Q And in your archives, Mr. Armstrong, did you have "A Funeral for Homo Sapiens" in L. Ron Hubbard's handwriting?

A I don't know if I did or not. I don't recall it if I did.

Q Did you see such in the Controller archives?

A I may have. I don't believe that it is among the materials which I obtained from Controller archives. I may have been shown it by Mr. Vorm, but in any case it doesn't stick with me as anything of any significance.

MR. HARRIS: I have two documents, Your Honor, the first being the Auditor Worldwide No. 13. I have the original here which is a bit yellowed, and I have copied from the first page on two pages.

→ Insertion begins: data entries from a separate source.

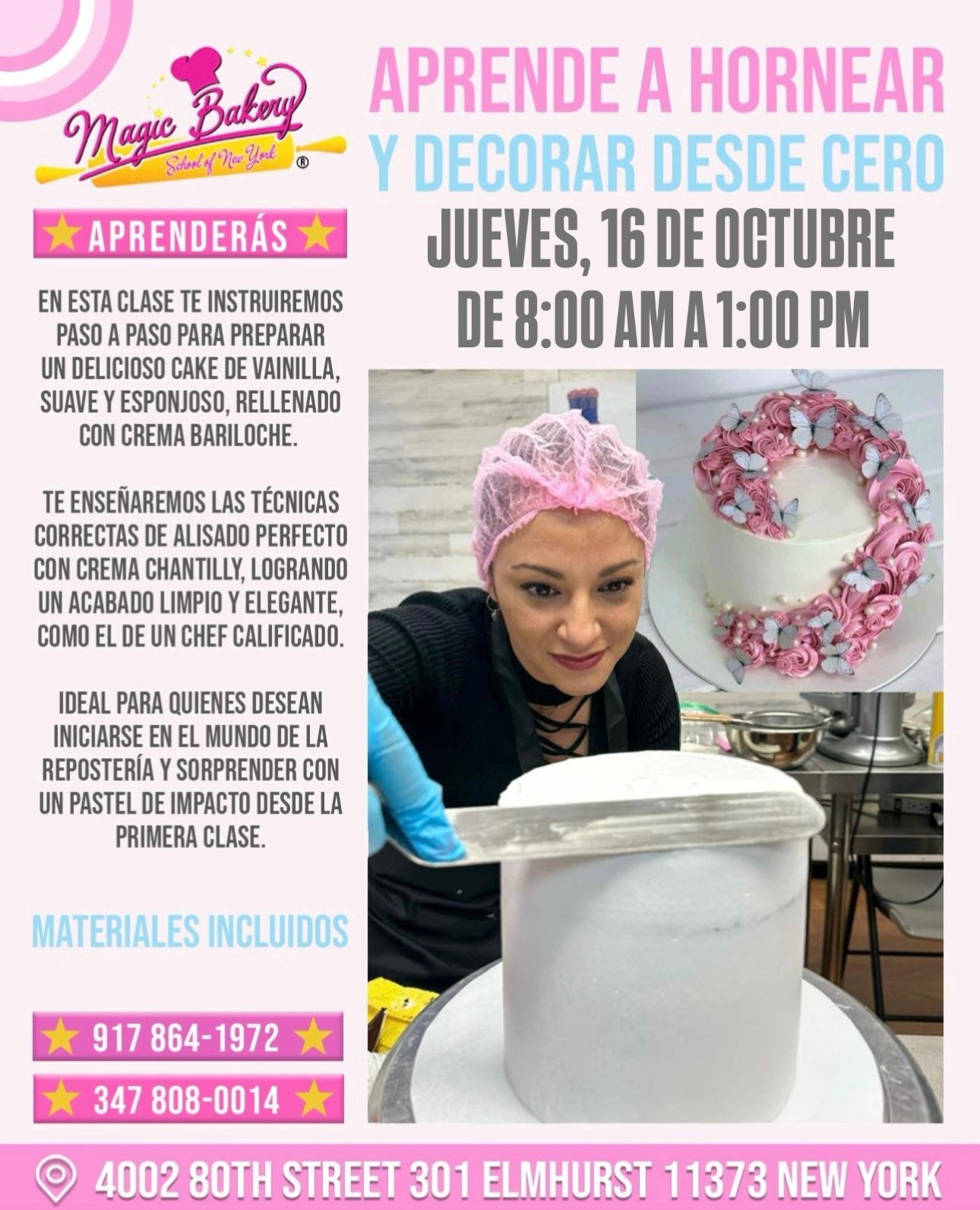 👩🍳 En una sola mañana aprenderás desde la preparación de un bizcocho suave y delicioso, hasta lograr un acabado liso y elegante con crema chantilly, digno de un chef profesional.
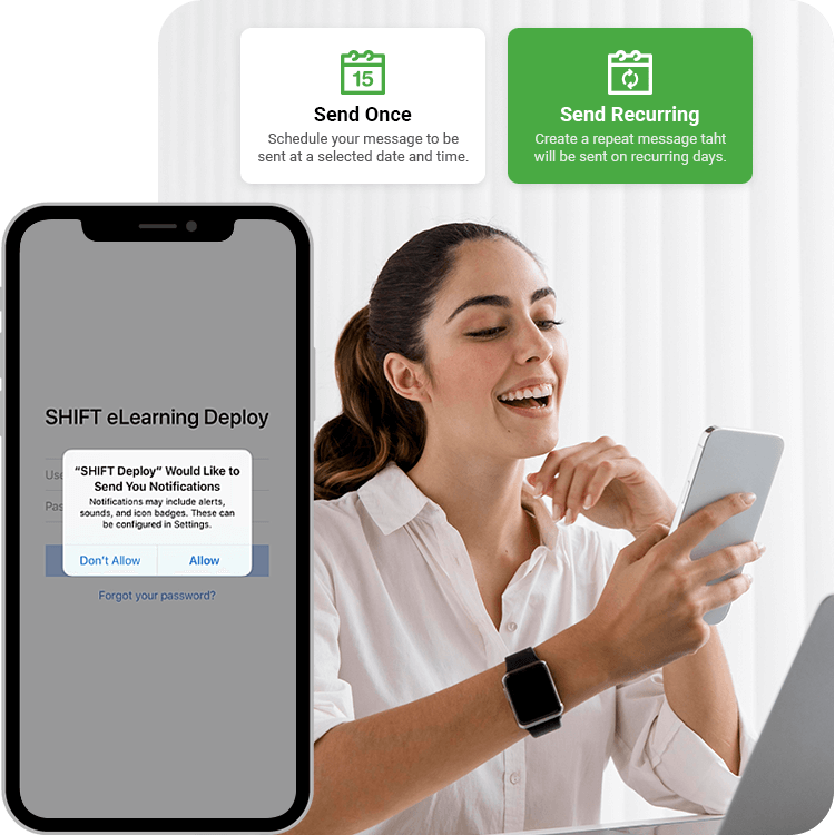Con SHIFT Deploy podrá enviar a audiencias de cualquier tamaño, mensajes instantáneos, programados o recurrentes para estar continuamente informando sobre novedades de la empresa, refrescando material de aprendizaje importante o dando a conocer actualizaciones de producto por ejemplo.
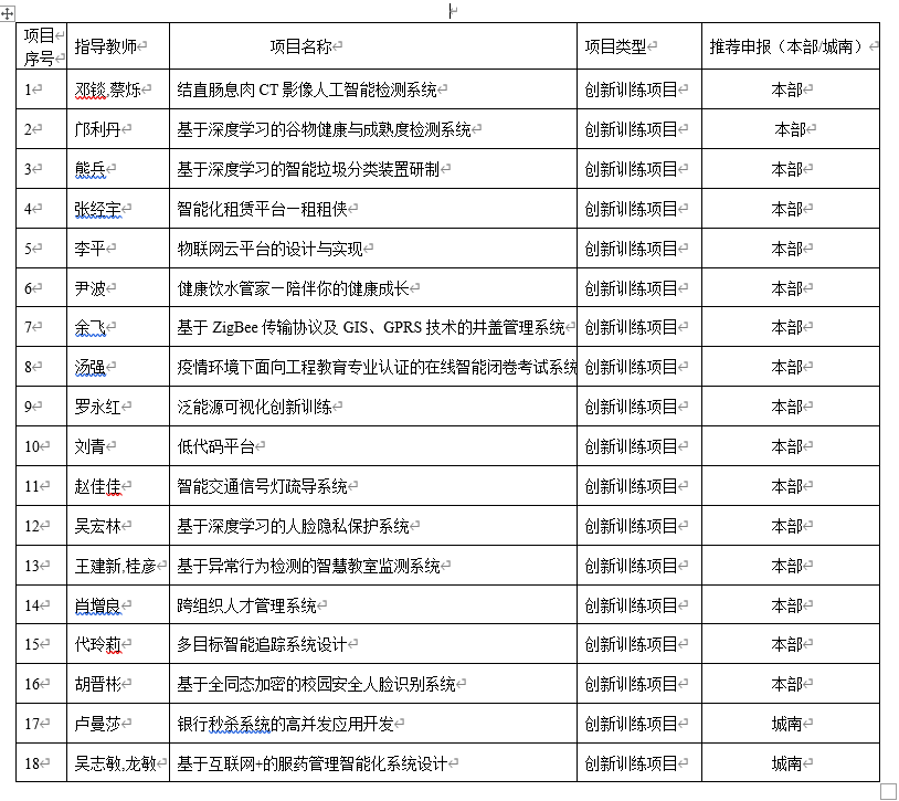 经指导老师申报,学院组织专家对本院(含城南学院)19项大学生创新创业训练计划项目进行评审,下列18个项目被推荐申报2022年度大学生创新创业训练计划项目(见附表)。现予公示,如有异议,请于2022年6月2日前反馈至教务办。

May that be marked exhibit S8?

THE COURT: yes, it may be so marked.

MR. HARRIS: I also have another original Auditor entitled "The Auditor Worldwide No. 13 Special Reissue." May that be marked plaintiff's 59?

THE COURT: Very well.

MR. HARRIS: These are the originals, M. Flynn, if you wish to look at them.

MR. HARRIS: Thank you.

Q BY HR. HARRIS: Do you recall seeing in your archives or the Controller archives the Auditor Worldwide Issue 13?

A I'm pretty sure I had this because I had pretty well a complete set of Auditors, but it itself

2636

doesn't come to mind.

Q Would you compare exhibits 58 and 59 under the caption "A Philosophy Wins After 2000 Years” and note for the record the authors on exhibit 58 first which is the yellower one and exhibit 59 next?

A Okay.

Q Does it appear to be the same article under the name Tom Esterbrook and L. Ron Hubbard in the respective exhibits?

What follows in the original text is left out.